Mr Boroujerdi said the explosives were planted at a Siemens factory and the company had to take responsibility.

Siemens denied the charge and said its nuclear division has had no business with Iran since the 1979 revolution.

"Siemens rejects the allegations and stresses that we have no business ties to the Iranian nuclear programme," Alexander Machowetz, a spokesman for the Munich-based company, said in a statement.

Iran is under UN sanctions and the MP did not say where the equipment had come from.

Tehran is engaged in a standoff with Western countries which suspect it is building a nuclear bomb.

The BBC said the Iranian accusation raised some intriguing questions. They include:
*Has the Iranian MP simply got it wrong?
*Is Iran buying Siemens equipment through a third party?
*Is there something more underhand going on, with sabotaged equipment being sold with the secret approval of Western intelligence agencies?

In June 2010, a virus - nicknamed Stuxnet - was found to have infected computer systems at Iranian nuclear plants. It, too, was connected to a Siemens product but the company denied all knowledge.
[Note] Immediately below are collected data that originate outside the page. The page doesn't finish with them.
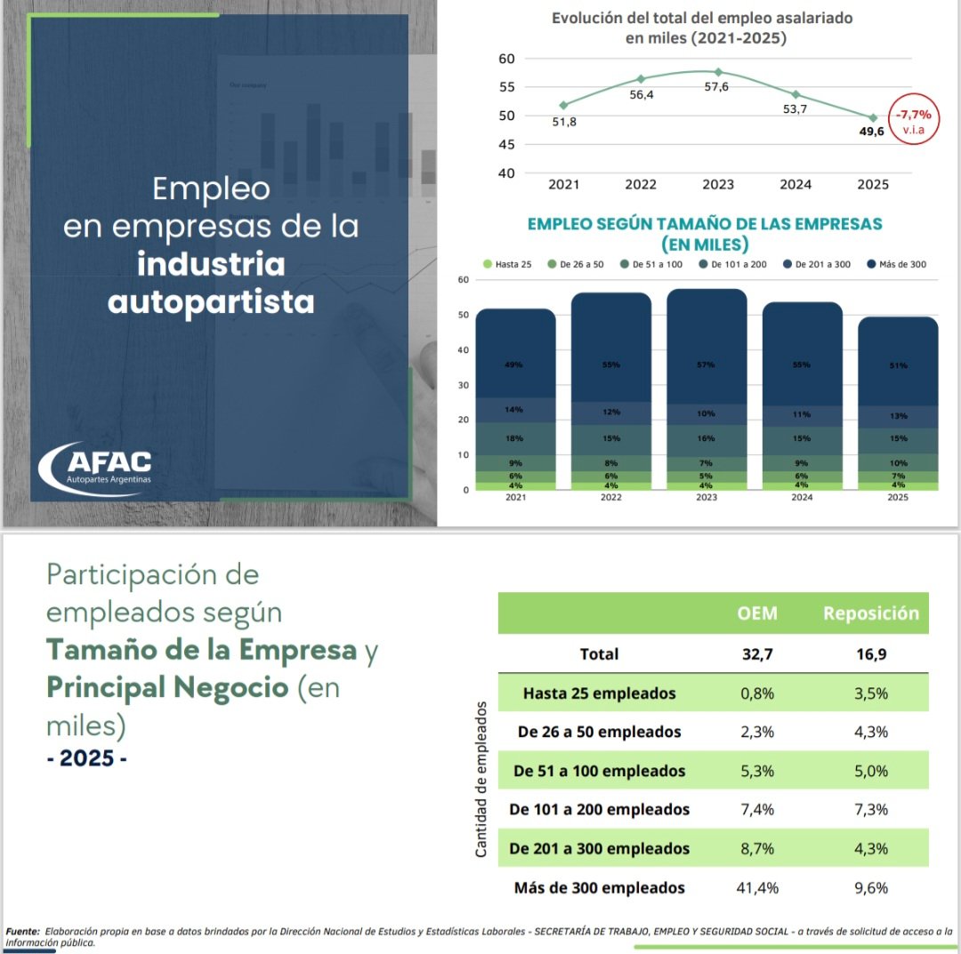 Casi la mitad del empleo se concentra en pymes de menos de 300 empleados, correspondiendo así el 21% a empresas de menos de 100 empleados. Las perspectivas para 2026, con una proyección de una nueva caída en la producción de vehículos del 7,5% y una consolidación de la suba de importaciones asiáticas de autopartes, no permiten ser optimistas con respecto al empleo sectorial durante este año.
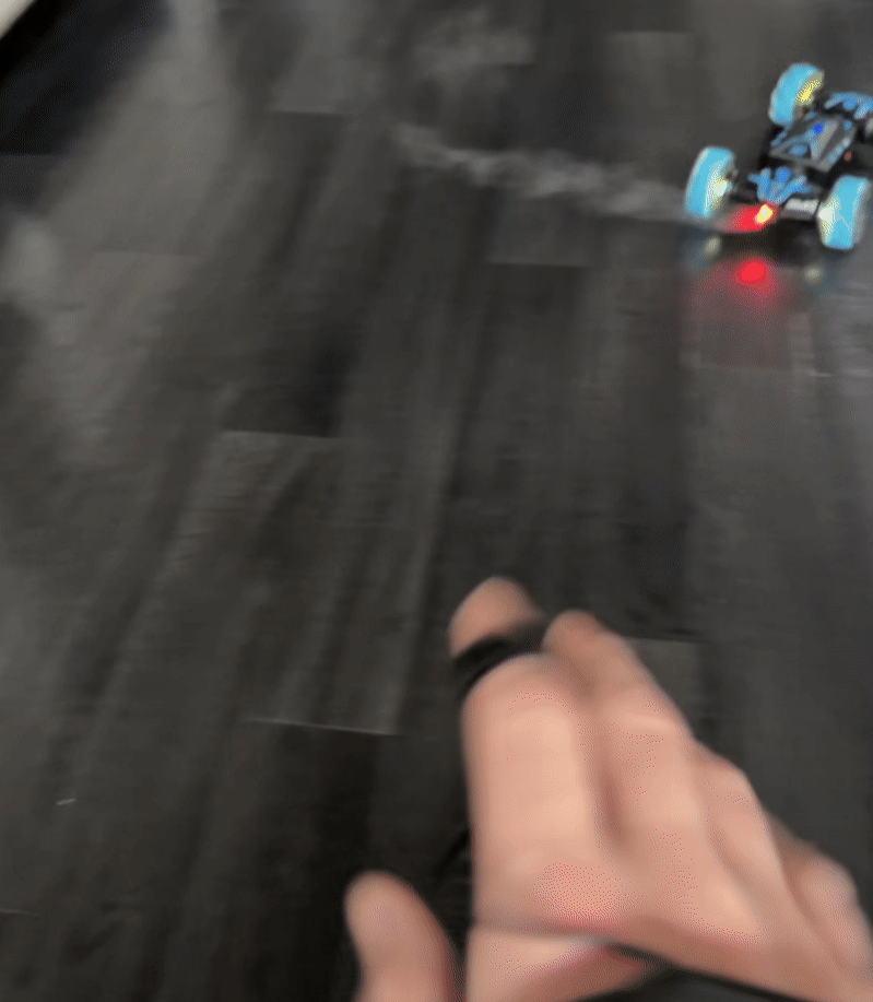 The car includes a smart motion-sensor watch that connects via 2.4 GHz signal. Simply move your hand in different directions to make the car go forward, backward, spin, or flip 360°. It’s intuitive and super fun!
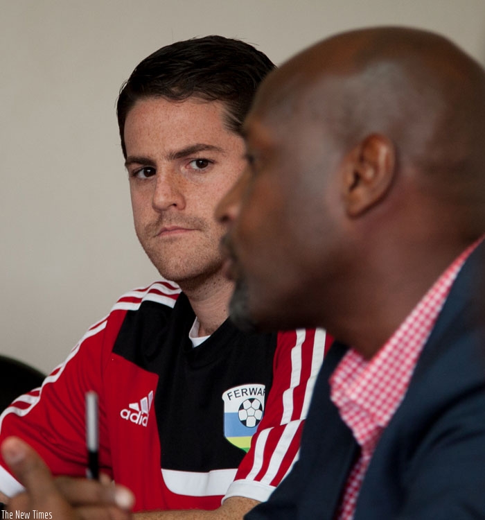 New Amavubi coach Johnny McKinstry looks on as Ferwafa boss Degaule Nzamwita addresses journalists yesterday. (Faustin Niyigena)

Unconfirmed reports linked the virus to a government agency, perhaps in the US or Israel.

Meanwhile on September 23, the Sunday Times, citing western intelligence sources, reported that a monitoring device disguised as a rock exploded when it was disturbed by Iranian troops near the Fordow underground nuclear enrichment plant.

Iranian experts who examined the scene of the explosion found the remains of a device capable of intercepting data from computers at the plant, where uranium is being enriched in centrifuges.